▶ DATA SECTION:
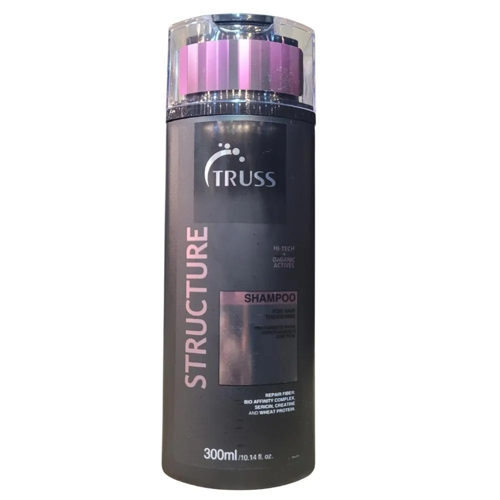 shampoo para cabelos finos e danificados. Shampoo Truss Structure higieniza enquanto recupera a elasticidade e resistência, além de proporcionar espessura e força aos cabelos finos. O shampoo é ideal para dar espessura e força ao cabelo. Forma uma película que envolve os fios, recuperando e encorpando as fibras danificadas.
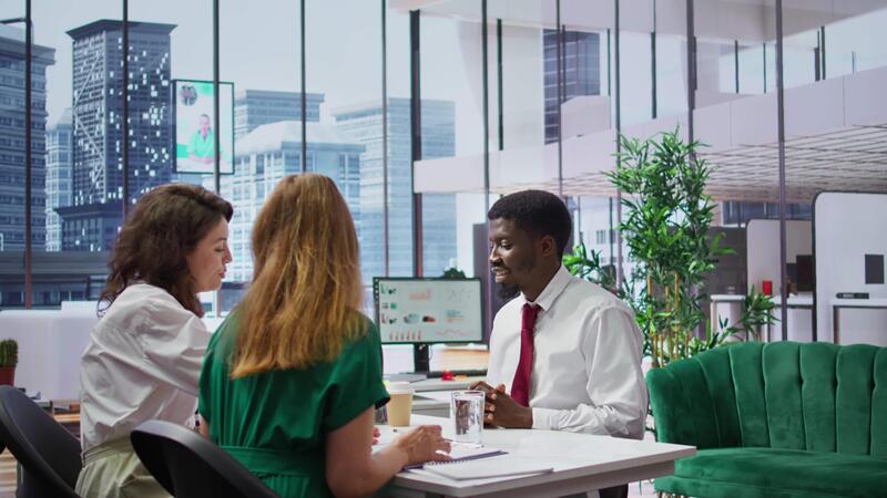 Job seeker at interview writing his name on application form, registering in the company database. Applicant filling in documents while he discusses career development plans. Camera B. Pro Video
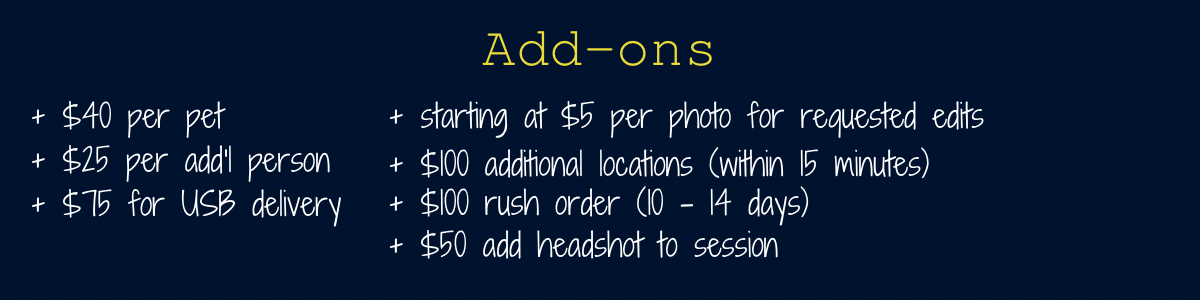 Pet sessions are as important as school photos! Our tiny furry hearts are very special and the photos we take of them are cherished for a lifetime.
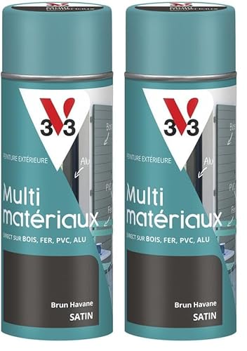 V33 - Aérosol - Bombe Peinture Extérieure Multi-matériaux - Peinture Antirouille - Mobiliers, Fenêtres, Portails, Grilles - Séchage Rapide et Tendu Bon - Teinte Brun havane Satin 400ml (Lot de 2)
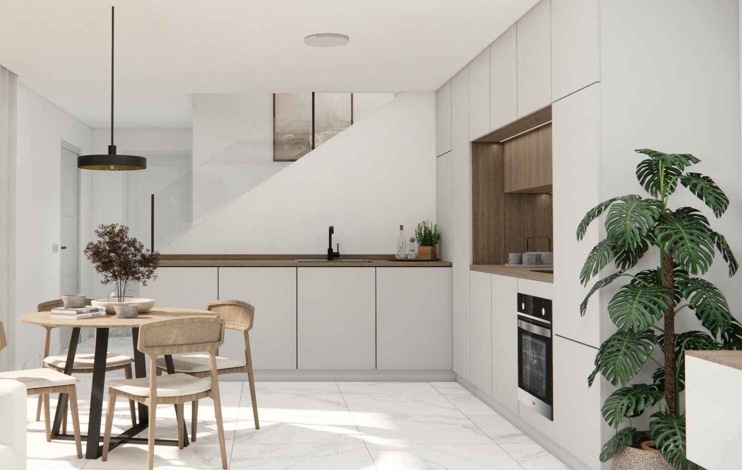 Deze 2 onder 1 kap van 90 m2 in mooie lichte kleurschakeringen en een leuke hoekkeuken inclusief keukenapparatuur zijn voorzien van 3 slaapkamers en 2 badkamers. 1 slaapkamer en 1 badkamer en suite op de begane grond, 2 slaapkamers met beide aangrenzend een ruim balkon, bevinden zich op de 1e verdieping. De 2e badkamer is eveneens op de 1e verdieping en heeft een extra grote dubbele wastafel. Zowel de badkamer op de begane grond als op de 1e verdieping heeft vloerverwarming.Pre-installatie voor airco en pre-installatie van een oplaadpunt voor de auto zijn inclusief. De woningen hebben allen een oprit met elektrische poort. Als optie is er de mogelijkheid voor een solarium. De tuin aan de voor- en zijkant is volledig aangelegd, inclusief zwembad en deels met kunstgras en deels met terrastegels.
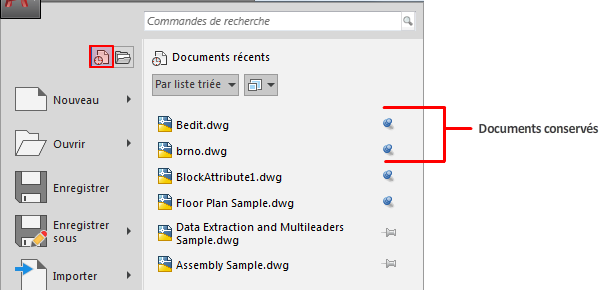 Vous pouvez faire en sorte qu'un fichier reste répertorié, indépendamment des fichiers que vous enregistrez ultérieurement, en cliquant sur le bouton représentant une punaise à droite du nom de fichier. Le fichier est affiché au bas de la liste jusqu'à ce que vous désactiviez ce bouton.
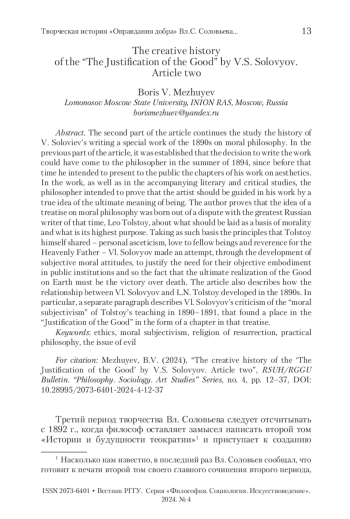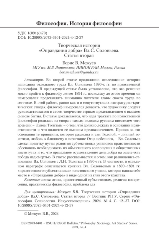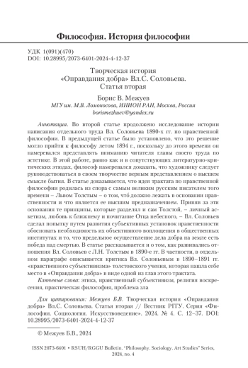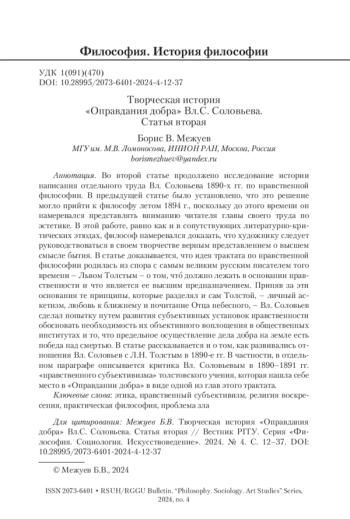 МЕЖУЕВ Б. В. ТВОРЧЕСКАЯ ИСТОРИЯ «ОПРАВДАНИЯ ДОБРА» ВЛ. С. СОЛОВЬЕВА. СТАТЬЯ ВТОРАЯ // ВЕСТНИК РГГУ. СЕРИЯ: ФИЛОСОФИЯ. СОЦИОЛОГИЯ. ИСКУССТВОВЕДЕНИЕ. 2024. № 4
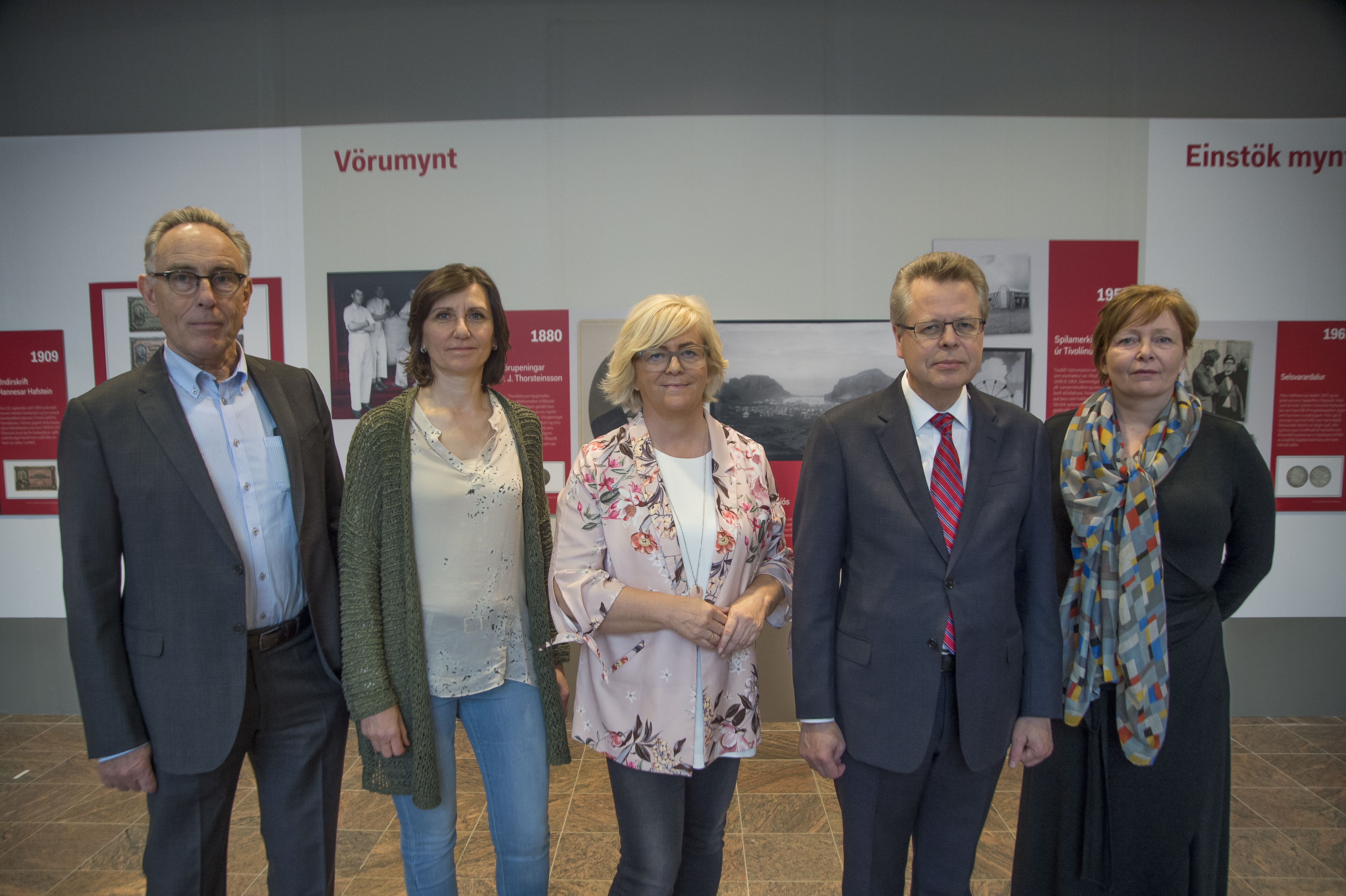 Mynd: Friðrik Sophusson, stjórnarformaður Íslandsbanka, Sigríður Olgeirsdóttir, framkvæmdastjóri Rekstrar- og upplýsingatæknisviðs Íslandsbanka, Birna Einarsdóttir, bankastjóri Íslandsbanka, Már Guðmundsson, seðlabankastjóri og Margrét Hallgrímsdóttir, Þjóðminjavörður.
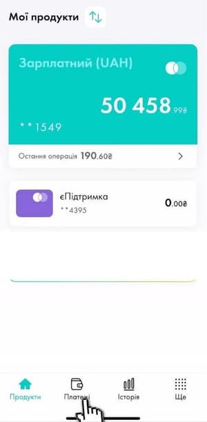 Оберіть розділ «Платежі».
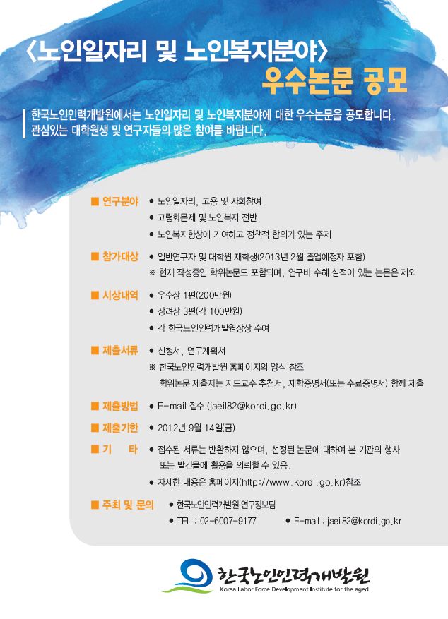 일반연구논문과 학위논문 모두 가능하며 관심 있으신 분께서는 첨부파일의 내용과 한국노인인력개발원 홈페이지(http://www.kordi.go.kr)를 참조해 주십시오.
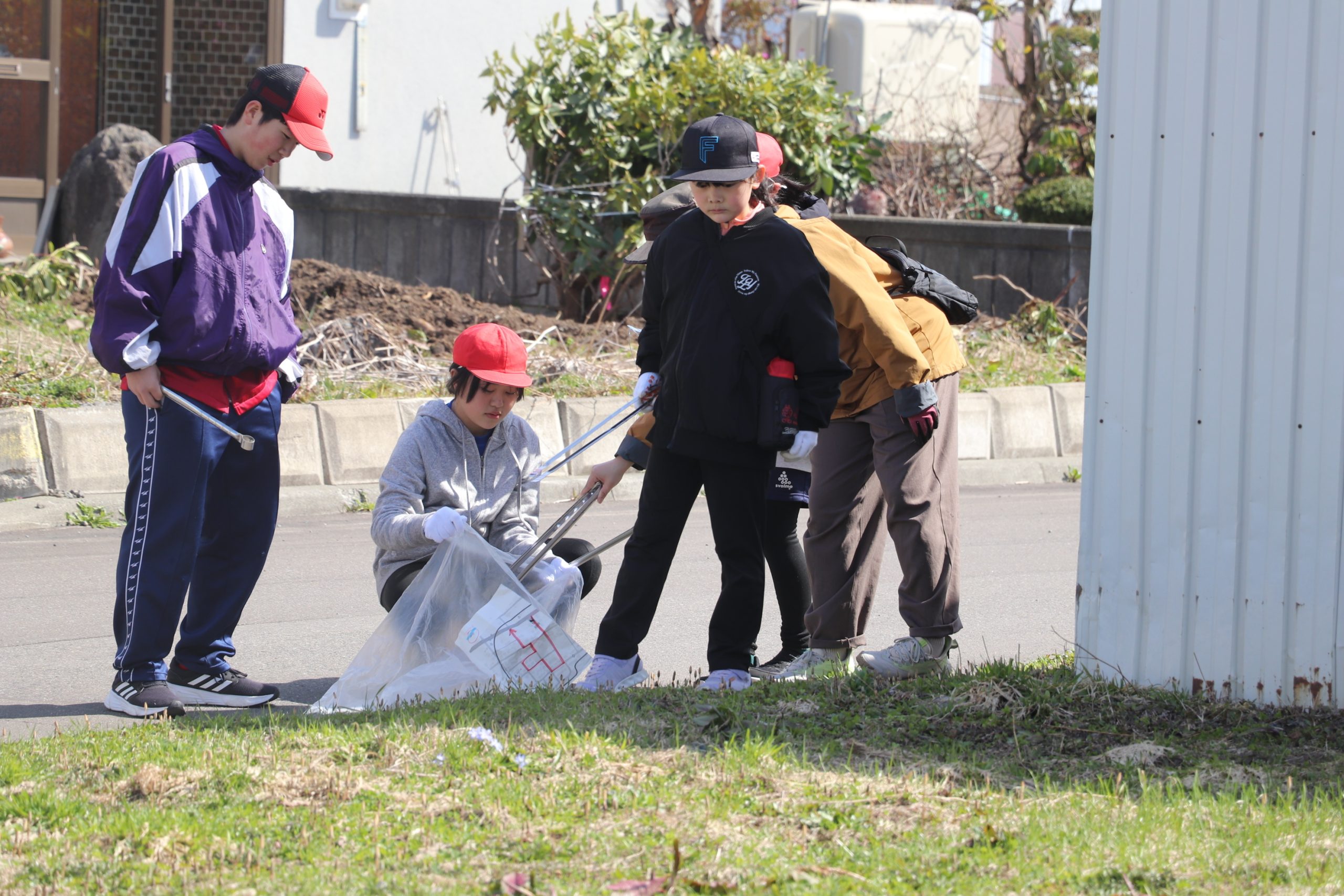 ごみ拾いをしている小中学生に話しかける住民の姿も見られ、参加した児童生徒は有意義な時間としていた。
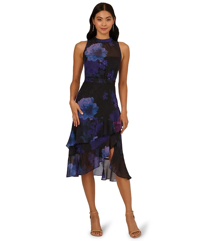 Adrianna Papell Women's Halter Glitter Midi Dress
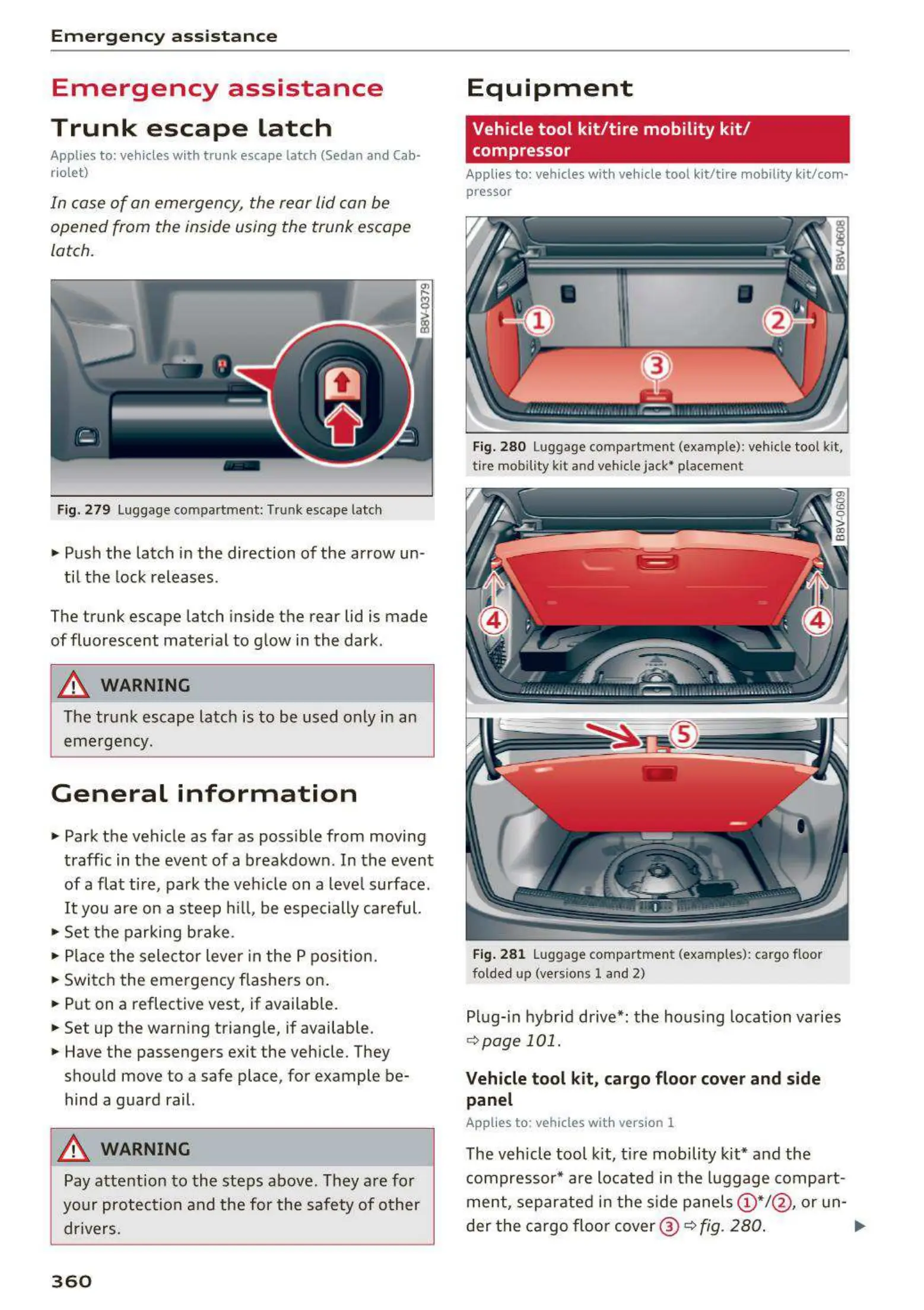 Fig. 279 Luggage compartment: Trunk esc ape latch

▶ WHAT THE TASK REQUIRES: Retype the data above exactly. Do not carry over any images.

▶ COMPLETED TASK:
 shampoo para cabelos finos e danificados. Shampoo Truss Structure higieniza enquanto recupera a elasticidade e resistência, além de proporcionar espessura e força aos cabelos finos. O shampoo é ideal para dar espessura e força ao cabelo. Forma uma película que envolve os fios, recuperando e encorpando as fibras danificadas.
 Job seeker at interview writing his name on application form, registering in the company database. Applicant filling in documents while he discusses career development plans. Camera B. Pro Video
 Pet sessions are as important as school photos! Our tiny furry hearts are very special and the photos we take of them are cherished for a lifetime.
 V33 - Aérosol - Bombe Peinture Extérieure Multi-matériaux - Peinture Antirouille - Mobiliers, Fenêtres, Portails, Grilles - Séchage Rapide et Tendu Bon - Teinte Brun havane Satin 400ml (Lot de 2)
 Deze 2 onder 1 kap van 90 m2 in mooie lichte kleurschakeringen en een leuke hoekkeuken inclusief keukenapparatuur zijn voorzien van 3 slaapkamers en 2 badkamers. 1 slaapkamer en 1 badkamer en suite op de begane grond, 2 slaapkamers met beide aangrenzend een ruim balkon, bevinden zich op de 1e verdieping. De 2e badkamer is eveneens op de 1e verdieping en heeft een extra grote dubbele wastafel. Zowel de badkamer op de begane grond als op de 1e verdieping heeft vloerverwarming.Pre-installatie voor airco en pre-installatie van een oplaadpunt voor de auto zijn inclusief. De woningen hebben allen een oprit met elektrische poort. Als optie is er de mogelijkheid voor een solarium. De tuin aan de voor- en zijkant is volledig aangelegd, inclusief zwembad en deels met kunstgras en deels met terrastegels.
 Vous pouvez faire en sorte qu'un fichier reste répertorié, indépendamment des fichiers que vous enregistrez ultérieurement, en cliquant sur le bouton représentant une punaise à droite du nom de fichier. Le fichier est affiché au bas de la liste jusqu'à ce que vous désactiviez ce bouton.
 МЕЖУЕВ Б. В. ТВОРЧЕСКАЯ ИСТОРИЯ «ОПРАВДАНИЯ ДОБРА» ВЛ. С. СОЛОВЬЕВА. СТАТЬЯ ВТОРАЯ // ВЕСТНИК РГГУ. СЕРИЯ: ФИЛОСОФИЯ. СОЦИОЛОГИЯ. ИСКУССТВОВЕДЕНИЕ. 2024. № 4
 Mynd: Friðrik Sophusson, stjórnarformaður Íslandsbanka, Sigríður Olgeirsdóttir, framkvæmdastjóri Rekstrar- og upplýsingatæknisviðs Íslandsbanka, Birna Einarsdóttir, bankastjóri Íslandsbanka, Már Guðmundsson, seðlabankastjóri og Margrét Hallgrímsdóttir, Þjóðminjavörður.
 Оберіть розділ «Платежі».
 일반연구논문과 학위논문 모두 가능하며 관심 있으신 분께서는 첨부파일의 내용과 한국노인인력개발원 홈페이지(http://www.kordi.go.kr)를 참조해 주십시오.
 ごみ拾いをしている小中学生に話しかける住民の姿も見られ、参加した児童生徒は有意義な時間としていた。
 Adrianna Papell Women's Halter Glitter Midi Dress
 Fig. 279 Luggage compartment: Trunk esc ape latch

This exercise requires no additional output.